In many ways like The Big Short – whose edutainment-with-intertwining-plotlines set-up seeks to expose dodgy behind-the-scenes financial machinations – this latest direct-to-Netflix release never quite reaches its predecessor’s perspicacity of insight nor dramatic heft.
The relative lack of storytelling sparkle is not for want of mustering enough stars, however: Gary Oldman, Antonio Banderas, Will Forte, and Matthias Schoenaerts are a few of the familiar faces who fill key roles and cameos.
Neither is the problem with the content itself. As The Big Short makes plain, subject matter that is at once convoluted, arcane, and in its essence even eye-blearyingly mundane, in the right hands, can transmute into engaging, soul-stirring stuff.
Rather, the relative flatness of this film seems maybe to have to do with forgetting, somewhere along the way, a few of the fundamentals of great art, for example, indirection and at least an attempt to communicate something universally human.
Tell all the truth but tell it slant – these words are as appropriate today as when Emily Dickinson penned them two centuries ago. Yet by force-feeding its politics – a rabble-rousing call to contemporary American tax reform – it fails, on the one hand, to distinguish itself sufficiently from agitprop suitable for the daily-dose news cycle. Its larger failure, on the other hand, is that it forfeits what might have been an effective metaphysical message even though several of the film’s monologues touch upon some of the irreconcilable prerogatives that motivate the fallen human soul. One of The Laundromat’s characters repeatedly juxtaposes the natural desire for this-worldly success with the other-worldly values of the beatitudes, for instance, and in so doing raises what might in fact be the basic human question about money.

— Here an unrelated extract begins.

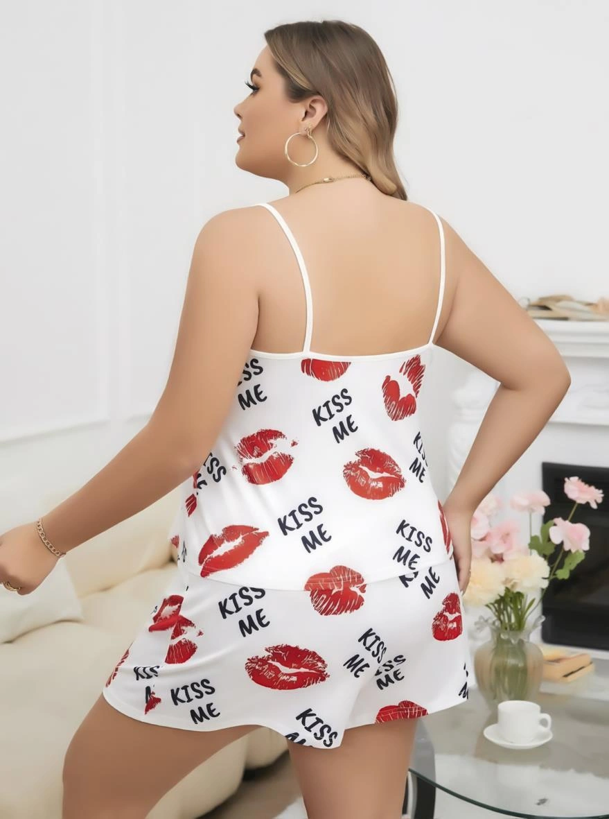 ?? Tatlı Bir Dokunuşla Geceye: Büyük Beden Kiss Me Öpücük Desenli Pamuklu Şortlu Pijama Takımı ?

“We want to be fair, and yet we want to win. We want to be righteous, and we want to get ahead.” We want to save the world, an immaculately dressed Panamanian lawyer continues, but finding that this often requires long hours, bad pay, and a world that perhaps does not want to be saved, some individuals will eventually decide it might just be easier to save themselves.
Here the film puts a finger to the pulse of the inconstant and self-conflicted heart that beats in the chest of every human person, and had it kept on prodding and poking in this vein, it might have produced a portrait of humanity worthy of the ages.
Instead, by setting its sights quite pointedly upon a contested contemporary economic issue, it will presumably fall prey to that long-lasting paradox by which the works of art most self-consciously “of the moment” also become those most quickly (and perhaps irretrievably) out of date.
Had The Laundromat used money to talk about humanity in general, it would have used something in the domain of what is passing to illuminate something in the domain of the everlasting, and so perhaps accomplished some kind of success in both. But by doing the opposite, and using humanity to talk about mere money, it aims so low that it seems ultimately to achieve very little in either.